- Church: Catholic Church
- Archdiocese: Archdiocese of Los Altos Quetzaltenango-Totonicapán
- In office: 13 February 1996 – 19 April 2007
- Predecessor: Óscar García Urizar
- Successor: Óscar Julio Vian Morales
- Previous posts: Bishop of Quetzaltenango, Los Altos(1987-1996) Bishop of Huehuetenango (1975-1987)Titular Bishop of Naissus (1970-1975) Auxiliary Bishop of Huehuetenango (1970-1975)

Orders
- Ordination: 8 December 1956 by Celestino Miguel Fernández Pérez
- Consecration: 10 January 1971 by Girolamo Prigione

Personal details
- Born: 29 March 1930 San Felipe, Retalhuleu, Guatemala
- Died: 26 August 2020 (aged 90) Guatemala City, Guatemala

= Victor Hugo Martínez Contreras =

Guatemalan Catholic priest (1930–2020)

Víctor Hugo Martínez Contreras (29 March 1930 – 26 August 2020) was a Guatemalan Roman Catholic archbishop.

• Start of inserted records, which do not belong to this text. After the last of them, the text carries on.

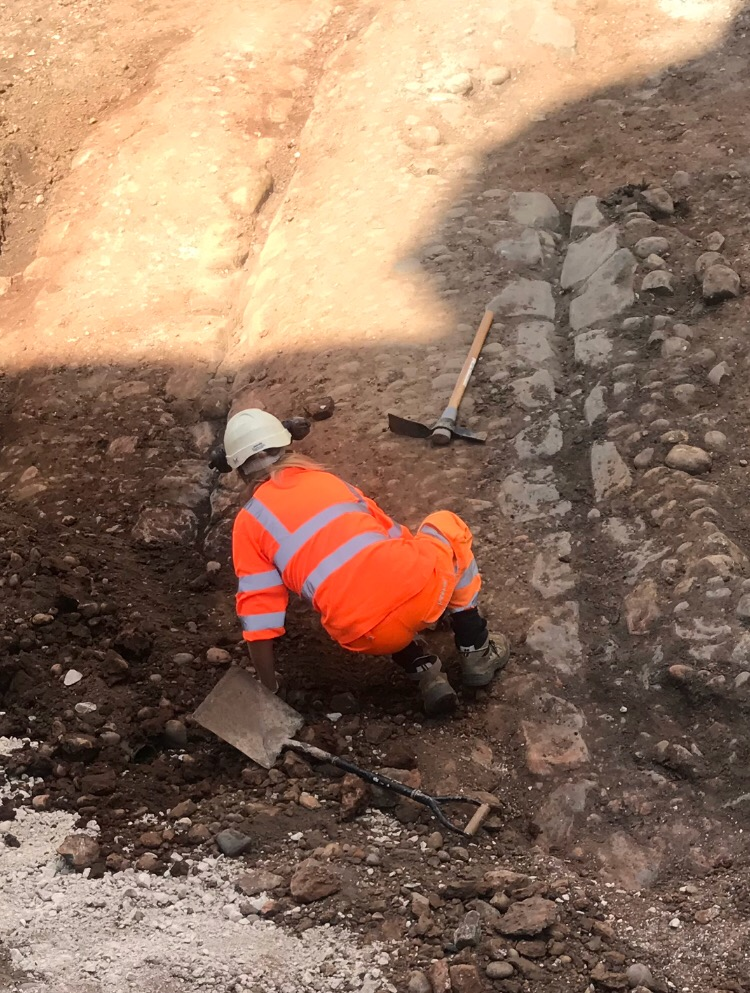 An Archaeologist unearths a cobblestone road in Birmingham City Centre (Victoria Square). Date uncertain, looks Mediaeval
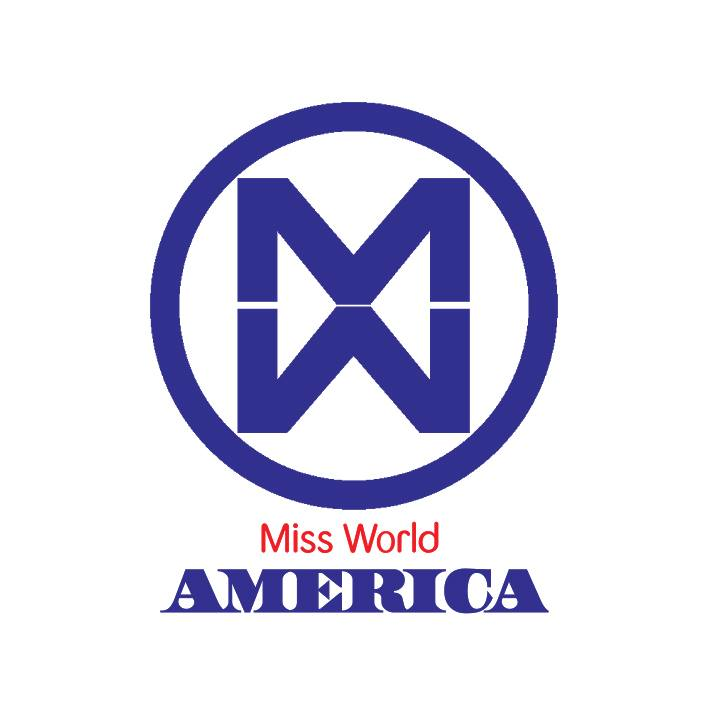 Trademarked Miss World America logo.
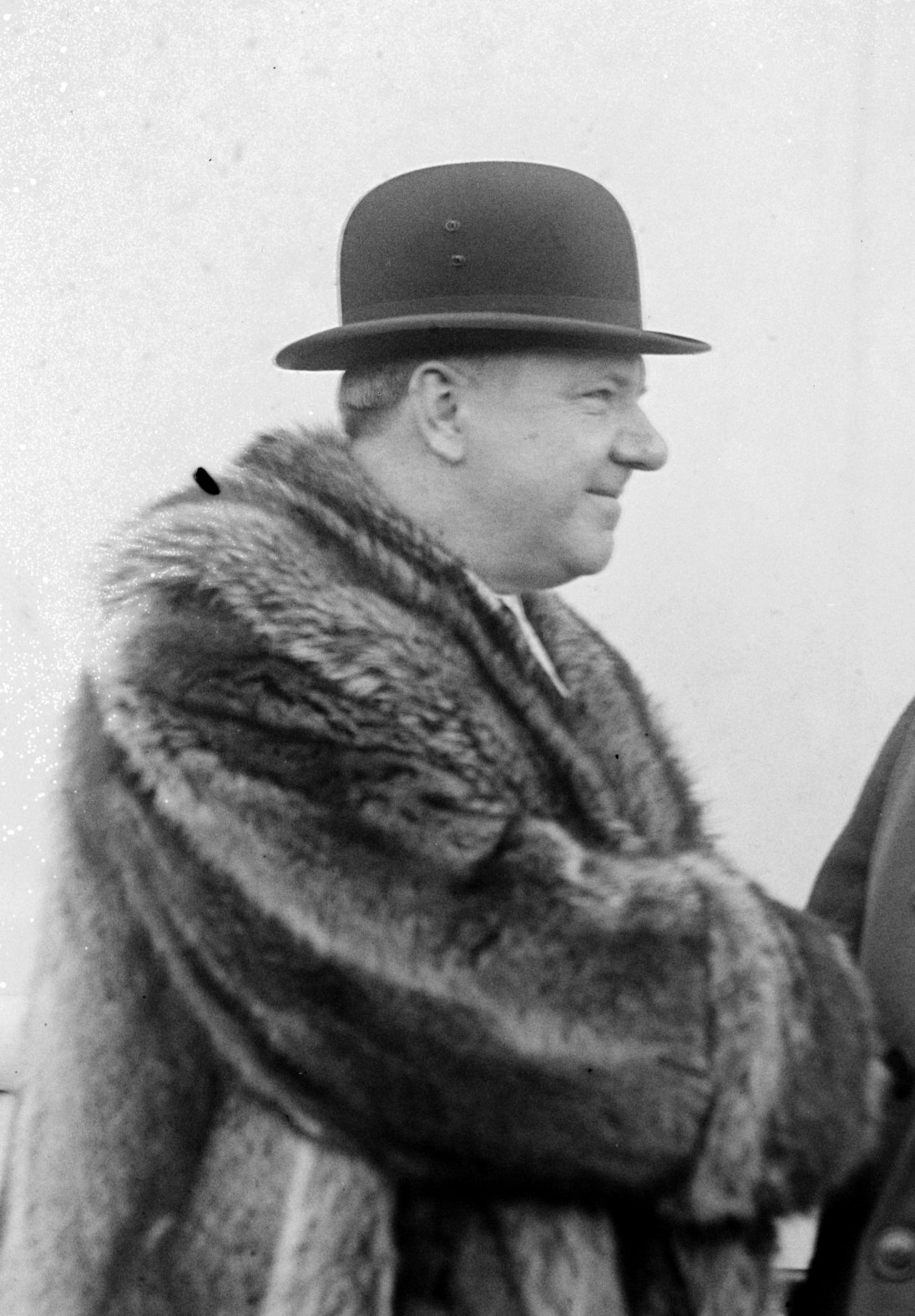 W.C. Fields

Martínez Contreras was born in Guatemala and was ordained to the priesthood in 1956. He served as auxiliary bishop of the Roman Catholic Diocese of Huehuetenango, Guatemala, from 1970 to 1975 and as bishop of the diocese from 1975 to 1987. He served as bishop from 1987 to 1996, and then the archbishop of the Roman Catholic Archdiocese of Los Altos, Quetzaltenango-Totonicapán, Guatemala from 1996 to 2007.